Tucson parent and PTA head Maria Mendoza still remembers the June night two years ago when she stayed up late for election returns from neighboring California.

“I wanted to see if Hispanic parents supported the end of bilingual education,” says Mrs. Mendoza, who has spent 30 years trying to phase out such programs in favor of English immersion programs in her state. “When I found out that, in fact, they did, I knew it was time to end bilingual education in Arizona, as well.”

Now Mendoza and supporters have qualified an initiative for the Nov. 7 ballot that would force Arizona educators to scrap bilingual education programs in the state and have educators teach only in English.

Called Proposition 203, the measure is modeled after the California initiative that won overwhelmingly in 1998 and now has test scores that proponents say prove the success of the law.

“The success of this law in California is giving a huge boost to those who want to copy it in other states,” says Ron Unz, the California millionaire who bankrolled the Prop. 227 campaign and has given $ 150,000 of his own money to professional signature gatherers in Arizona to get sufficient signatures there to qualify the measure. New York, Massachusetts, and Colorado are forming committees to pursue the dismantling of bilingual education in those states. “The ripple is hitting Arizona first and headed beyond,” says Mr. Unz.

The pro-immersion forces have been emboldened because, despite predictions of catastrophe in California – home to 1 in 10 of the nation’s public-school children – results seem positive. From 1998 to 2000, elementary school students in the grades most affected by the law, grades 2 through 6, raised their mean percentile scores by 35 percent in reading, 43 percent in math, 32 percent in language, and 44 percent in spelling.

Critics of the measures in both states point out that the rising scores could have been the result of a $ 4 billion state program to shrink class sizes in California – which was implemented over the same period.

But some analyses have shown that the class-size reduction had raised mean percentile scores statewide only 2 to 3 percent. And several former proponents of bilingual education now have changed their minds.

One school superintendent, Ken Noonan of Oceanside, Calif., has said that he now not only favors English immersion, but believes it should begin on the first day of school.

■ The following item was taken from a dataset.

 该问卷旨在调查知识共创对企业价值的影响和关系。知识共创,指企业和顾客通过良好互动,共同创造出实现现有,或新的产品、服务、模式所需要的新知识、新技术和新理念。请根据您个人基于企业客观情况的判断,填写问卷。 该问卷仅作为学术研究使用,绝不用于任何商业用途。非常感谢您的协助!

But detractors say Arizona is different from California in several respects, including the success rates of bilingual programs already in place. “In this rush to dismantle Arizona’s programs, people are overlooking the facts,” says state Sen. Joe Eddie Lopez. He quotes figures from the state superintendent showing that students in Grades 1 through 12 in bilingual programs scored an average of 13 points higher than those who used English immersion.

The Arizona proposal is somewhat stricter than the California law it was modeled on. In California, parents who still want bilingual programs can petition and obtain them for their kids. A similar measure is written into the Arizona version, but it is more demanding. And penalties for non-compliance are more restrictive.

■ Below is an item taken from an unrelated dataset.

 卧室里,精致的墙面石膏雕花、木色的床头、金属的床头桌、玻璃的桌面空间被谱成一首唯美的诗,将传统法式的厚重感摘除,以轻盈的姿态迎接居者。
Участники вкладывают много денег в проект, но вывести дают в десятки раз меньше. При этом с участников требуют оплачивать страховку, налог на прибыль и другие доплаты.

Parents would have to fill out a long application that includes a space for a 250-word essay describing how their children would benefit from bilingual education. And teachers or administrators found guilty of willfully violating the immersion law could be sued, held personally liable by parents, and removed from office for five years.

“We put this stronger language in the Arizona initiative to deter those folks who want to drag their heals the way some in California have,” says Unz.

Public sentiment seems to favor the proposed measure so far. A Friday poll released by the Arizona Republic shows nearly three-quarters of voters favor English immersion programs over bilingual education.

Critics worry that Arizona voters are not sufficiently aware of how much local control they are in danger of losing if the new law is passed.

“The advertisements and press accounts of this law are very incomplete,” says Carlos Vallejo, professor of education at Arizona State University and a member of two organizations fighting the initiative, “English, Plus, More” and the Arizona Language Education Council. “Arizonans have always prided themselves on the amount of choice that parents have in their children’s education. This bill will deprive them of that.”

But proponents say it is precisely the “no-looking-back” quality of English immersion classes that forces students to really learn English.

“All I can tell you is that from what I have seen, [bilingual education] just doesn’t work,” says Mendoza. “They don’t learn to speak or read English properly, and we have a high percentage of Latinos dropping out because they cannot continue with their education. I say, let’s learn a lesson from California.”